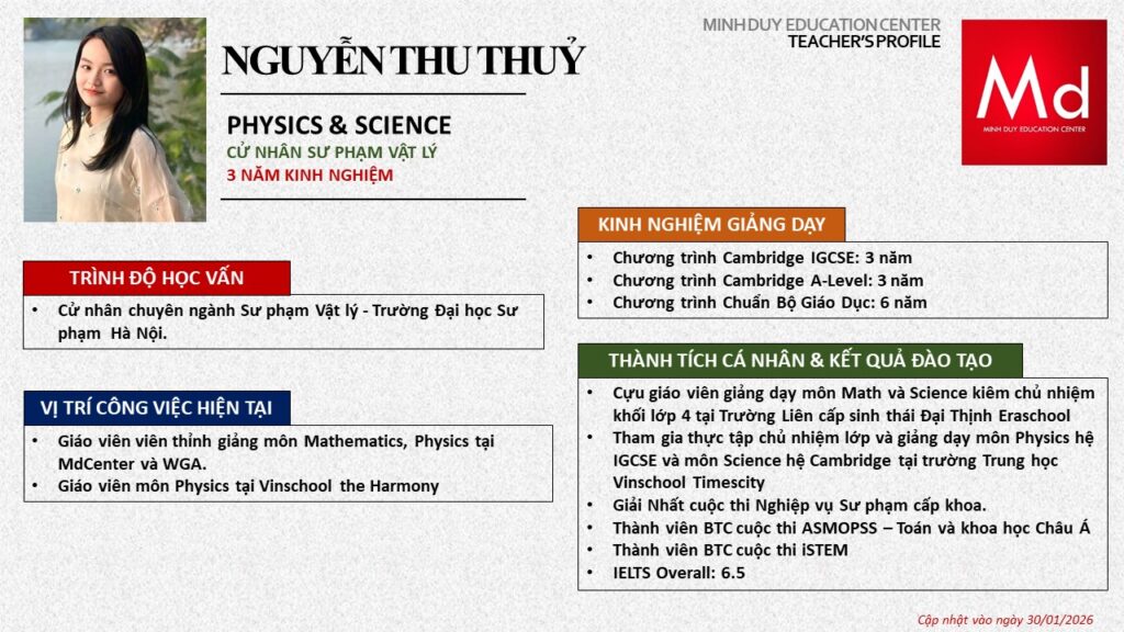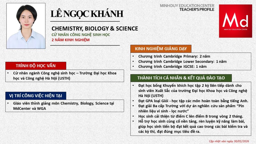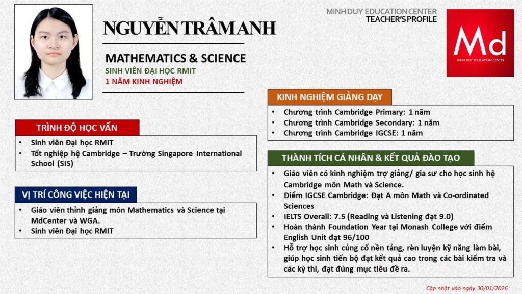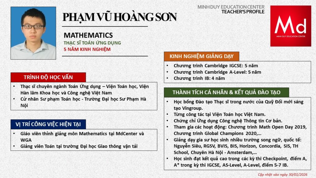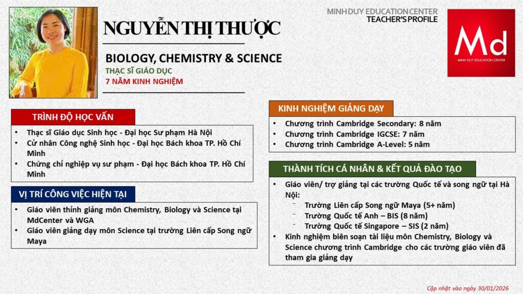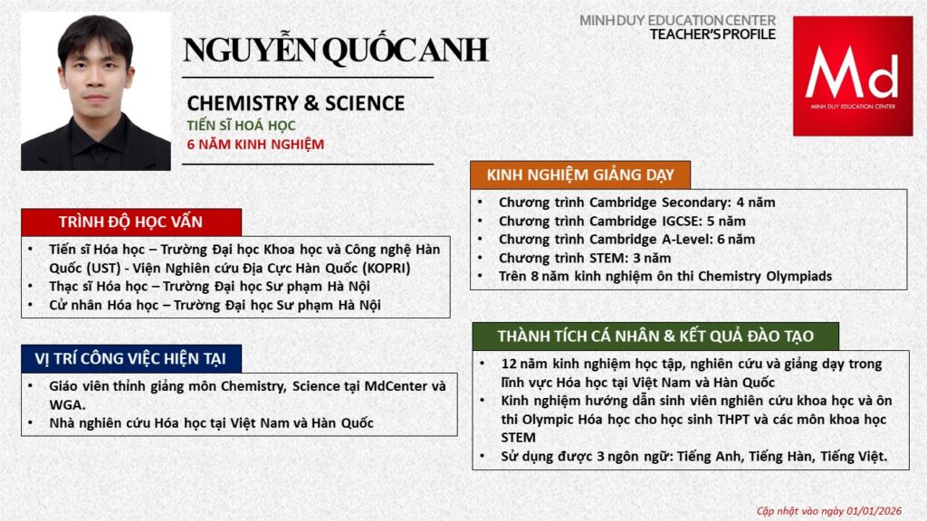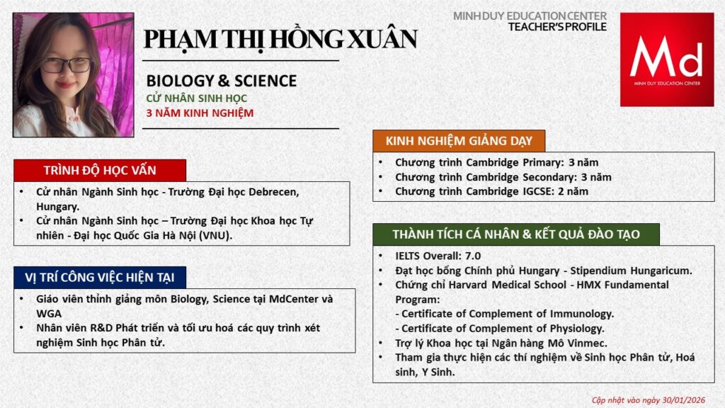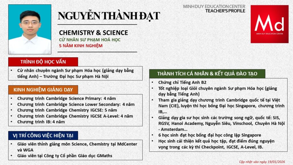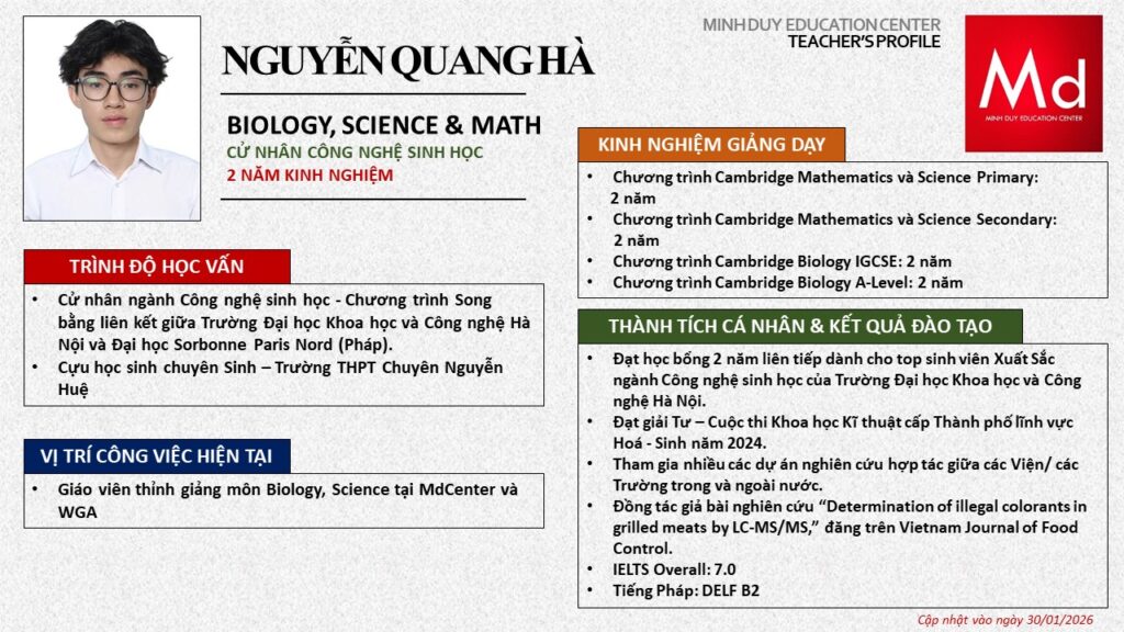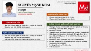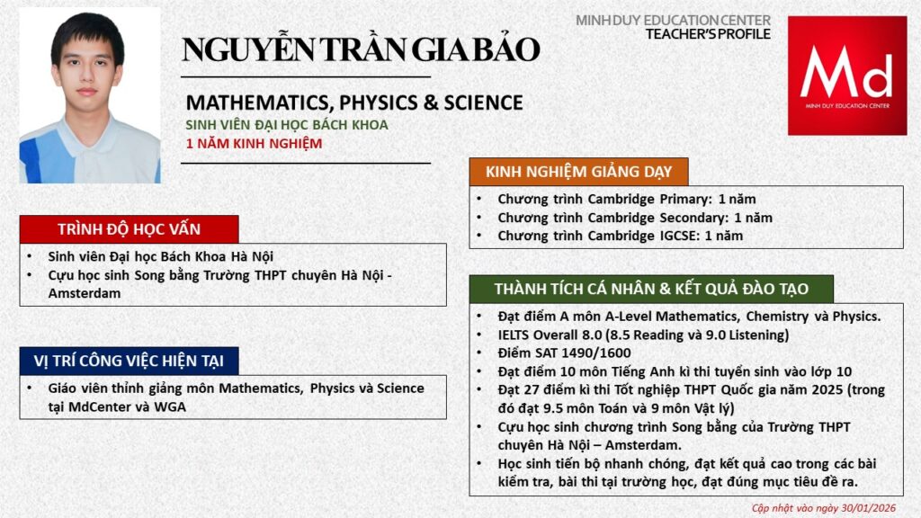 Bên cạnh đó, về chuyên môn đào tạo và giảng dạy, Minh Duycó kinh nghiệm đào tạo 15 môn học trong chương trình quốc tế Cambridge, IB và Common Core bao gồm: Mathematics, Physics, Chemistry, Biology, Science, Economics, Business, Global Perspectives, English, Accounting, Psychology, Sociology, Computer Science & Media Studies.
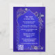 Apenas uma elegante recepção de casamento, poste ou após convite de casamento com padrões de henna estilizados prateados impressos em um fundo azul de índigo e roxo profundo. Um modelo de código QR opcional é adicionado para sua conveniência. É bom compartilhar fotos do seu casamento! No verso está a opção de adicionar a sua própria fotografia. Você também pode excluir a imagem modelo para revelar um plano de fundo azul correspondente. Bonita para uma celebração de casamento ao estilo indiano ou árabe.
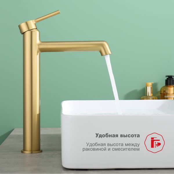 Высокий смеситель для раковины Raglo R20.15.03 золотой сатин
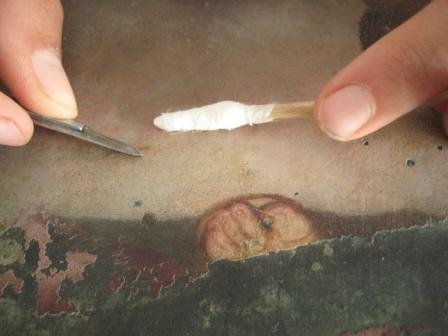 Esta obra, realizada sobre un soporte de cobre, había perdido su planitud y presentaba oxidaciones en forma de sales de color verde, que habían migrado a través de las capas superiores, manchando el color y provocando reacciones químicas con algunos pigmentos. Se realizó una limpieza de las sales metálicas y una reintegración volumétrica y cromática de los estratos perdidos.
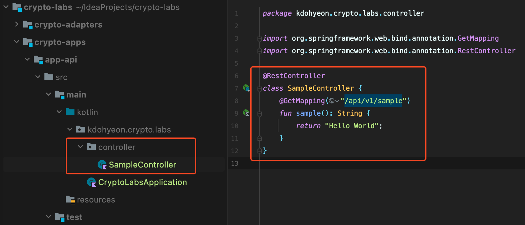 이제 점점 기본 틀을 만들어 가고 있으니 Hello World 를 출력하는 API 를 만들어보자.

------------------------------------------------

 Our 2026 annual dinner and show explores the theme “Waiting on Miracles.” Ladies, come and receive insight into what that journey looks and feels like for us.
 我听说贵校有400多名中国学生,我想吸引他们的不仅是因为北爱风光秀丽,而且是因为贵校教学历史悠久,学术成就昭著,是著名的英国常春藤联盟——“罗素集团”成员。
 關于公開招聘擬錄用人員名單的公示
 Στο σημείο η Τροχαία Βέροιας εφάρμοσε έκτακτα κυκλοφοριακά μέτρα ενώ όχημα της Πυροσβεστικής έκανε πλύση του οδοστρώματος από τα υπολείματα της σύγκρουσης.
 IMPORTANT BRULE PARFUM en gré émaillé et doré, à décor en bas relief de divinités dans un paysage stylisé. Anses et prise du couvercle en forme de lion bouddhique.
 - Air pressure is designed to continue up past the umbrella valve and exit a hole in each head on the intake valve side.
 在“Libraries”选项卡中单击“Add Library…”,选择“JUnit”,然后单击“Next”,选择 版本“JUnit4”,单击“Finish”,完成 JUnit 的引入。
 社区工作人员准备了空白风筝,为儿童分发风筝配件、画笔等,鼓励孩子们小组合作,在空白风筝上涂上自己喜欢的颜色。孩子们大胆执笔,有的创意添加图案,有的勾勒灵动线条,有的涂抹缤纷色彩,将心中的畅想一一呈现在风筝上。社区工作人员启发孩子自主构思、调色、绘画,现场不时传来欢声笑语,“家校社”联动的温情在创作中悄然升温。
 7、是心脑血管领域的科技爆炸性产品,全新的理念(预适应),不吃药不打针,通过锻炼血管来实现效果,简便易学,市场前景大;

------------------------------------------------

*Try it*
Extract the lines of the preceding material that run from the line with "關于公開招聘擬錄用人員名單的公示" through the line with "7、是心脑血管领域的科技爆炸", inclusive, reproducing them exactly and adding nothing.

*Result*
 關于公開招聘擬錄用人員名單的公示
 Στο σημείο η Τροχαία Βέροιας εφάρμοσε έκτακτα κυκλοφοριακά μέτρα ενώ όχημα της Πυροσβεστικής έκανε πλύση του οδοστρώματος από τα υπολείματα της σύγκρουσης.
 IMPORTANT BRULE PARFUM en gré émaillé et doré, à décor en bas relief de divinités dans un paysage stylisé. Anses et prise du couvercle en forme de lion bouddhique.
 - Air pressure is designed to continue up past the umbrella valve and exit a hole in each head on the intake valve side.
 在“Libraries”选项卡中单击“Add Library…”,选择“JUnit”,然后单击“Next”,选择 版本“JUnit4”,单击“Finish”,完成 JUnit 的引入。
 社区工作人员准备了空白风筝,为儿童分发风筝配件、画笔等,鼓励孩子们小组合作,在空白风筝上涂上自己喜欢的颜色。孩子们大胆执笔,有的创意添加图案,有的勾勒灵动线条,有的涂抹缤纷色彩,将心中的畅想一一呈现在风筝上。社区工作人员启发孩子自主构思、调色、绘画,现场不时传来欢声笑语,“家校社”联动的温情在创作中悄然升温。
 7、是心脑血管领域的科技爆炸性产品,全新的理念(预适应),不吃药不打针,通过锻炼血管来实现效果,简便易学,市场前景大;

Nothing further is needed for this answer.